Reputation: 105
I'm trying to load and parse json files (Tweets) but I get back the below error
error: not found: value mapper
Some(mapper.readValue(record, classOf[Tweet]))
And this is the scala script
import com.fasterxml.jackson.module.scala.DefaultScalaModule
import com.fasterxml.jackson.module.scala.experimental.ScalaObjectMapper
import com.fasterxml.jackson.databind.ObjectMapper
import com.fasterxml.jackson.databind.DeserializationFeature
case class Tweet(tweet_id: Int, created_unixtime: Long, created_time: String, lang: String, displayname: String, time_zone: String, msg: String)
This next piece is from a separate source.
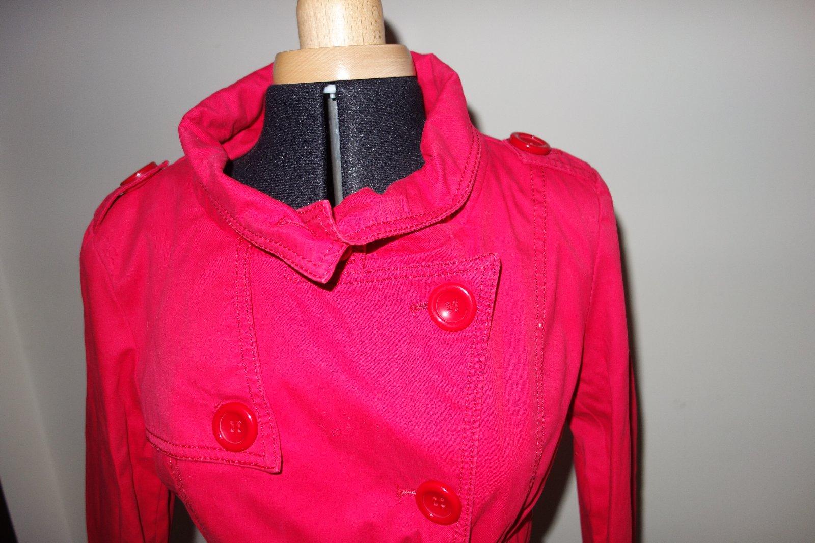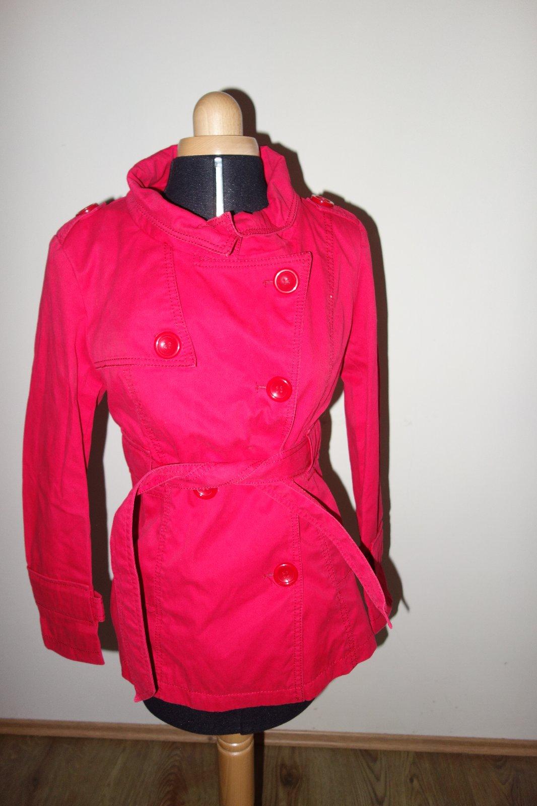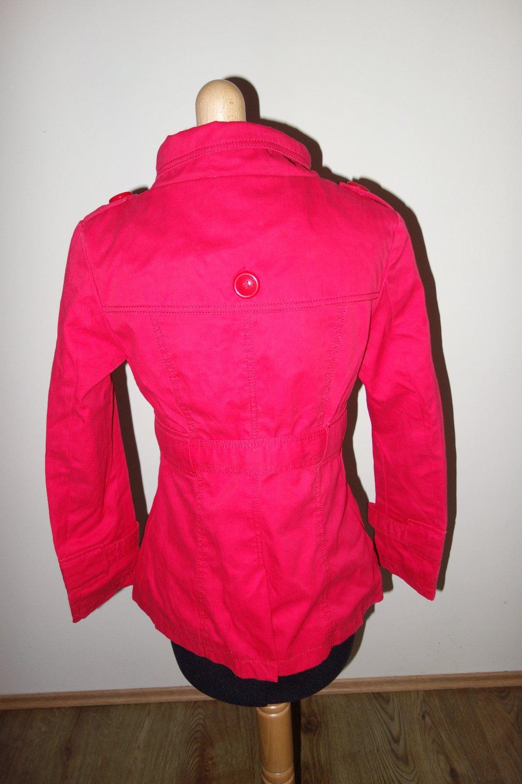 Pekny tensi kabatik vo velmi dobrom nosenom stave (chyba vpredu jeden gombik- ale da sa nahradit tym, co je vzadu a tam dat iny). Velkost je pisana 1- podla mna je to taka 34. Na obrazku vyzera byt ruzovy, ale je cerveny.
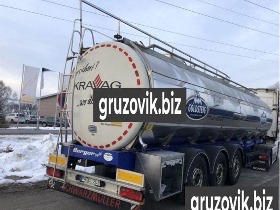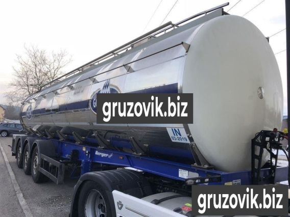 пищевая цистерна Berger / Santi 03/ 2013 год 30.000 литров. 3 камеры 3 камеры: 12000 + 6000 + 12000 литров промывочные головки сливные трубы изолированы BPW оси, подъемная ось, дисковый тормоз резина остаток 70 - 80 % Собственный вес 5700 kg.

val = input.textFile("hdfs://localhost:54310/tmp/data_staging/tweets*") // tweets well loaded
// Parsing them
val result = input.flatMap(record => {
try {
Some(mapper.readValue(record, classOf[Tweet]))
} catch {
case e: Exception => None
}
})
Upvotes: 0
Views: 1236
Reputation: 4207
So, the question is how to load JSON but map it to a case class.
In that case, just use Spark's built-in JSON reader then convert to a DataSet of your case class:
case class Tweet(tweet_id: Int, created_unixtime: Long, created_time: String, lang: String, displayname: String, time_zone: String, msg: String)
val input = spark.read.json("hdfs://localhost:54310/tmp/data_staging/tweets*").as[Tweet]
The assumption here is that the fields in the JSON documents map to your case class. If that's not the case, then you can simply do a map to convert from the Row object to your custom case class.
Upvotes: 1